[Records supplied]

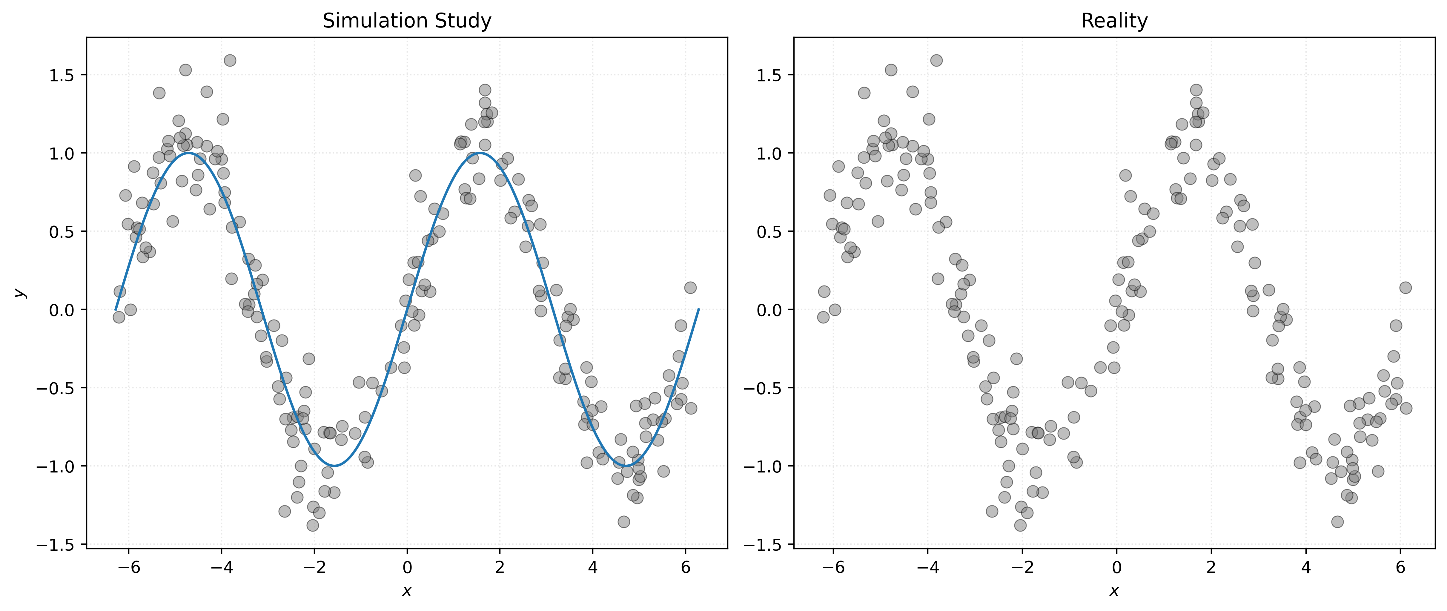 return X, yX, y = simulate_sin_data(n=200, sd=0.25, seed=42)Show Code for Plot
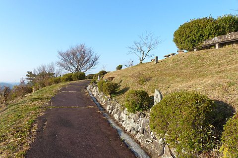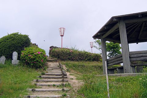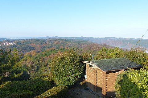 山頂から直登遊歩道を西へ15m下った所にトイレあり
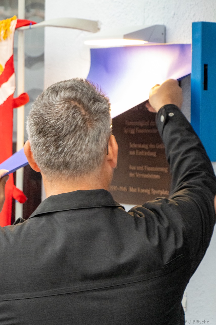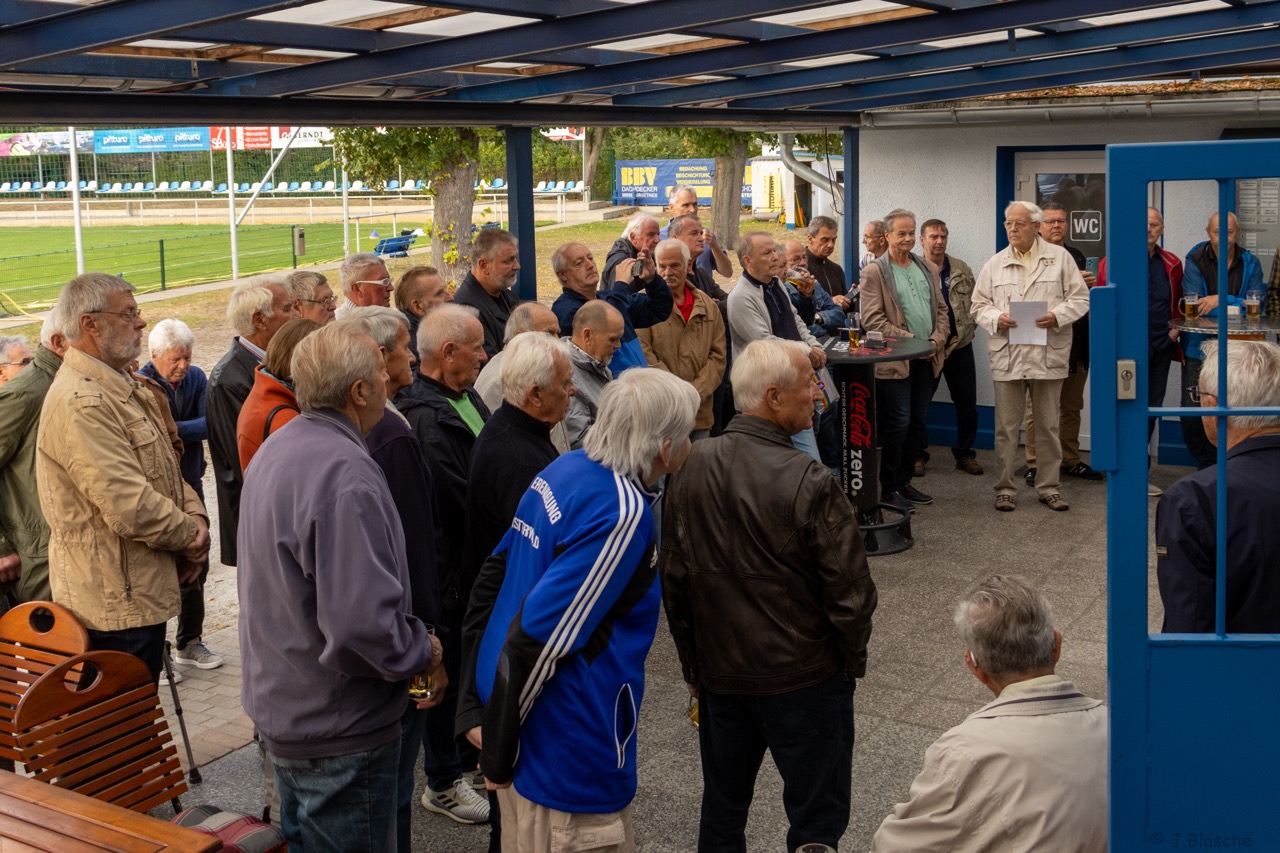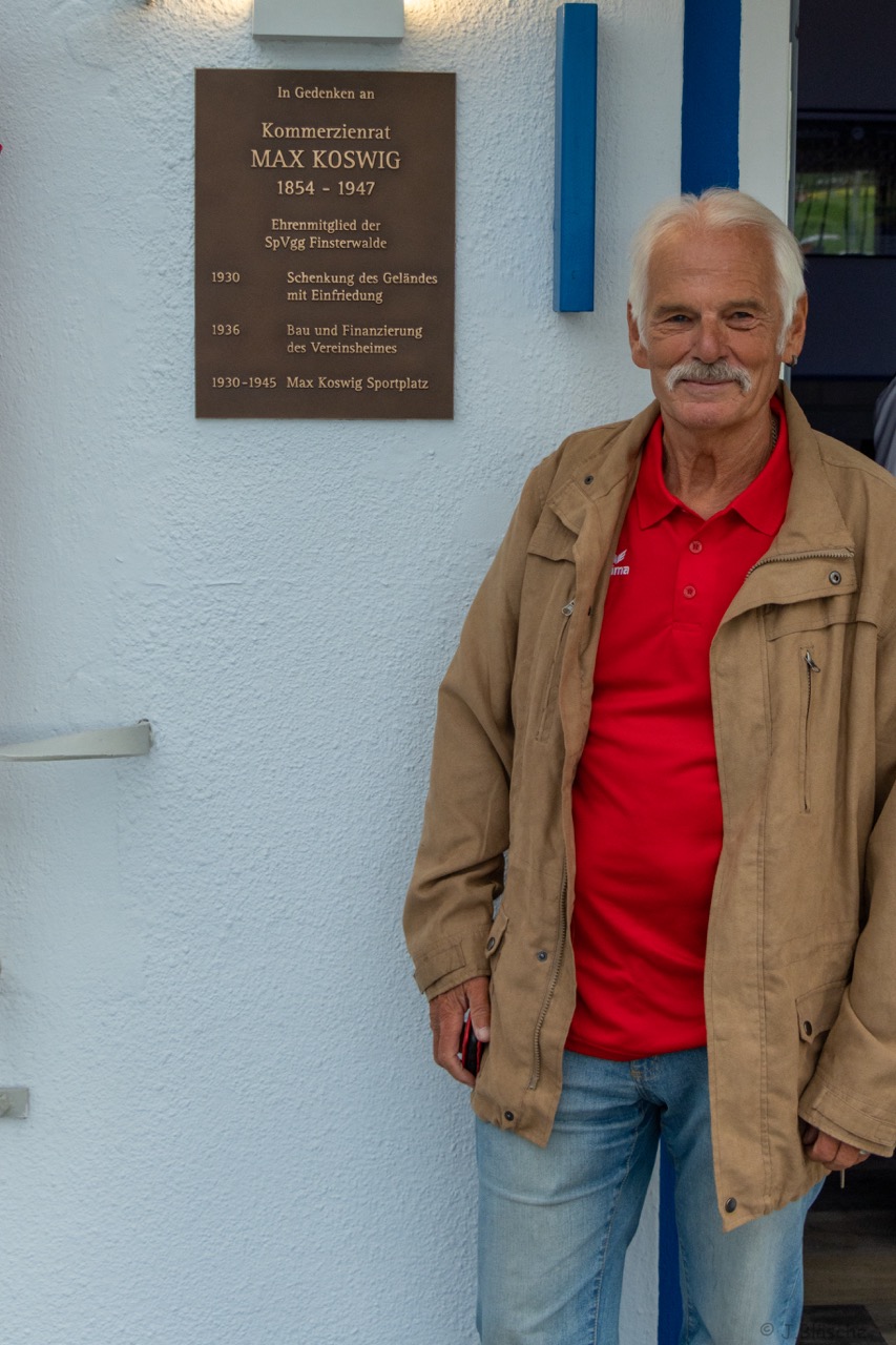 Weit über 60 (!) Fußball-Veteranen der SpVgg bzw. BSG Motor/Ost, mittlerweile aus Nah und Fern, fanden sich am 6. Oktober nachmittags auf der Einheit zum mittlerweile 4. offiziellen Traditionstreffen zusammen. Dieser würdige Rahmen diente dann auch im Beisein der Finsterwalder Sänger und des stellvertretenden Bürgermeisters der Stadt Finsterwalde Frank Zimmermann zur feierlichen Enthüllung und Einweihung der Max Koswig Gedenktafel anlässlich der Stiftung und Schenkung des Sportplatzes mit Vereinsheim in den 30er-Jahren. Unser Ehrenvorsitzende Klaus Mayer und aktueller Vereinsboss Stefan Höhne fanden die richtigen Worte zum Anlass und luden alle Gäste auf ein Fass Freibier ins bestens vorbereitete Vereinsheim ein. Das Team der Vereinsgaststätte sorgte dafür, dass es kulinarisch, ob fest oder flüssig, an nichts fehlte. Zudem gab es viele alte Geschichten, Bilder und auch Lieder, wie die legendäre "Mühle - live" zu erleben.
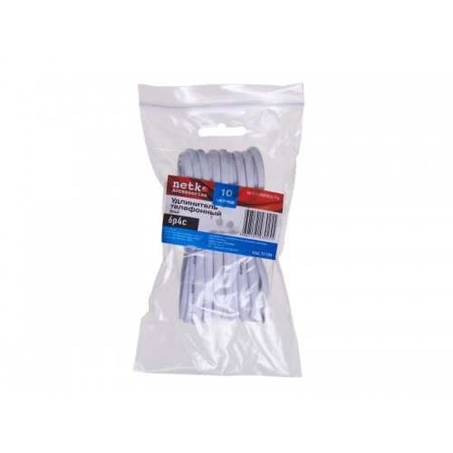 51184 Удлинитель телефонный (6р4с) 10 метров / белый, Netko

...

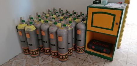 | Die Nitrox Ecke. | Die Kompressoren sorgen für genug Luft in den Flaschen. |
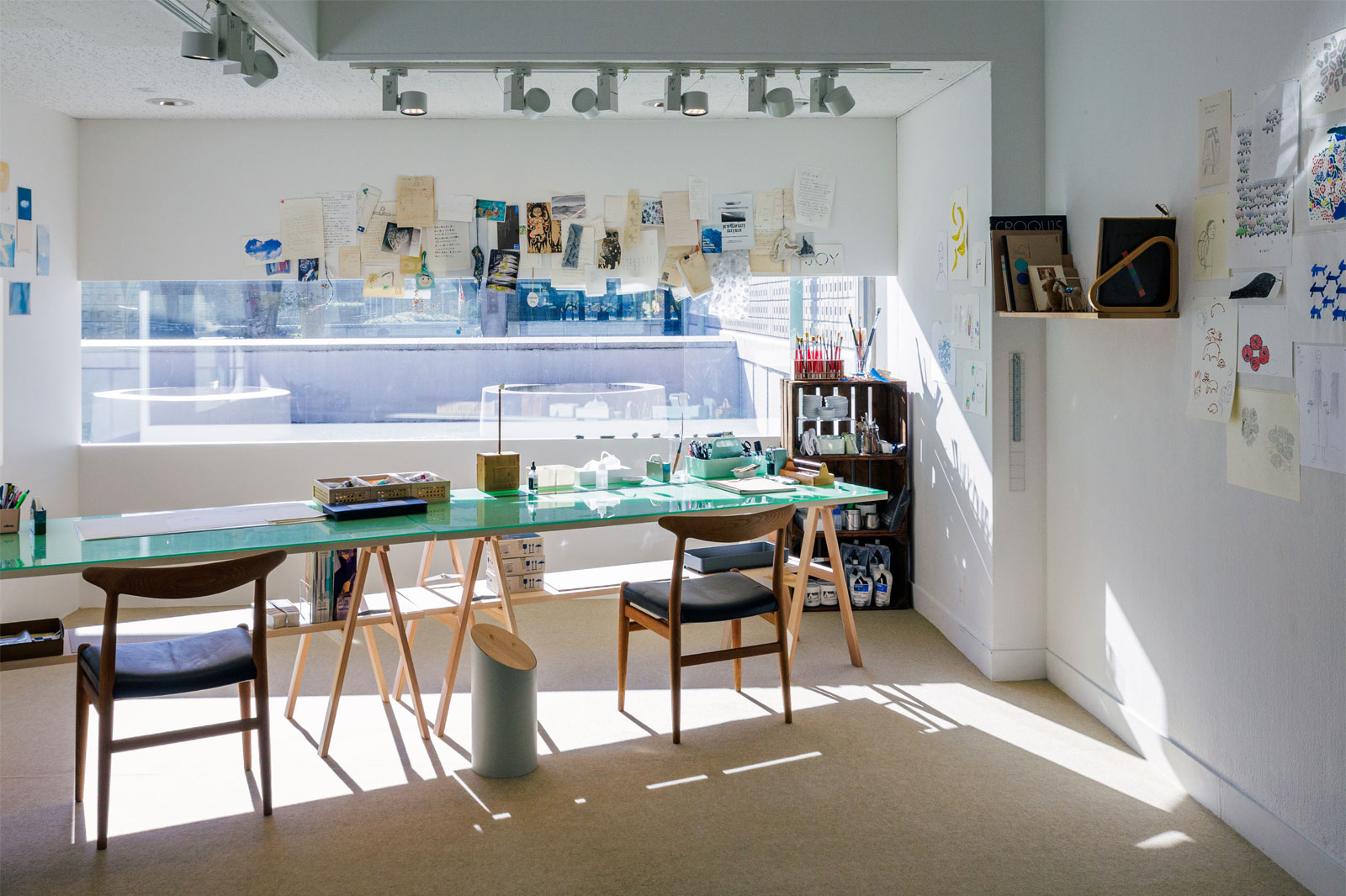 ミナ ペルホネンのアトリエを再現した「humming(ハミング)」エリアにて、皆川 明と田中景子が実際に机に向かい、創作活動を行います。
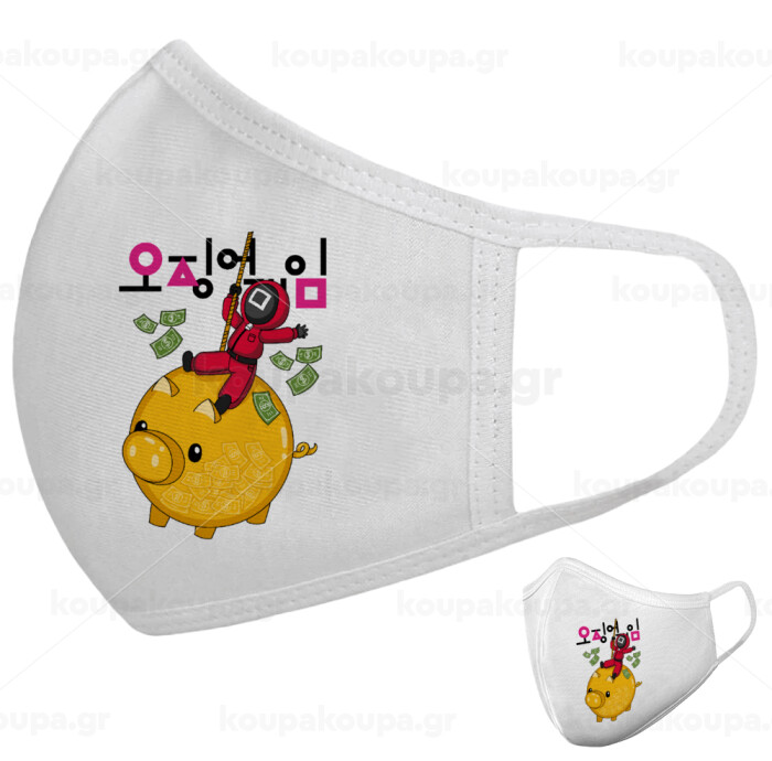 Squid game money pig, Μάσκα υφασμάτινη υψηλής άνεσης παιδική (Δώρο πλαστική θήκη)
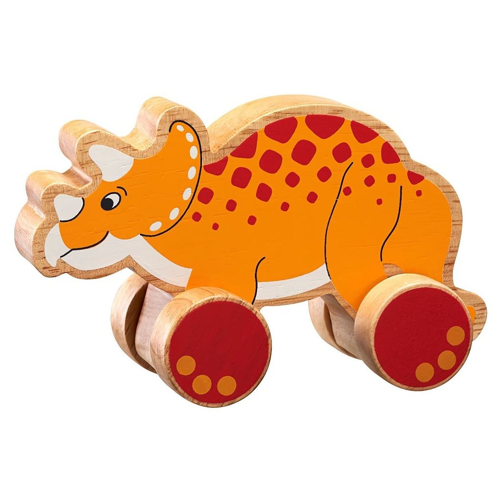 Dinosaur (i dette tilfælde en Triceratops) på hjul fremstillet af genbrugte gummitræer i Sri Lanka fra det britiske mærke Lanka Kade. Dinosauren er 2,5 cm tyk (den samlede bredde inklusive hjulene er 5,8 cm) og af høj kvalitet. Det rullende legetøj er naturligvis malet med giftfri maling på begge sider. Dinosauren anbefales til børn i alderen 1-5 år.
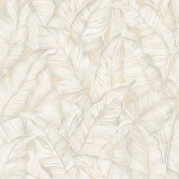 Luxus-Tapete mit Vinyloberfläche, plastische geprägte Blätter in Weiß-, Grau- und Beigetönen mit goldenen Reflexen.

[What you are asked to do]
Pictures excluded, transcribe the listing above exactly from the line with "Weit über 60" through the line with "51184 Удлинитель телефонный", and no further.

[Solution]
 Weit über 60 (!) Fußball-Veteranen der SpVgg bzw. BSG Motor/Ost, mittlerweile aus Nah und Fern, fanden sich am 6. Oktober nachmittags auf der Einheit zum mittlerweile 4. offiziellen Traditionstreffen zusammen. Dieser würdige Rahmen diente dann auch im Beisein der Finsterwalder Sänger und des stellvertretenden Bürgermeisters der Stadt Finsterwalde Frank Zimmermann zur feierlichen Enthüllung und Einweihung der Max Koswig Gedenktafel anlässlich der Stiftung und Schenkung des Sportplatzes mit Vereinsheim in den 30er-Jahren. Unser Ehrenvorsitzende Klaus Mayer und aktueller Vereinsboss Stefan Höhne fanden die richtigen Worte zum Anlass und luden alle Gäste auf ein Fass Freibier ins bestens vorbereitete Vereinsheim ein. Das Team der Vereinsgaststätte sorgte dafür, dass es kulinarisch, ob fest oder flüssig, an nichts fehlte. Zudem gab es viele alte Geschichten, Bilder und auch Lieder, wie die legendäre "Mühle - live" zu erleben.
 51184 Удлинитель телефонный (6р4с) 10 метров / белый, Netko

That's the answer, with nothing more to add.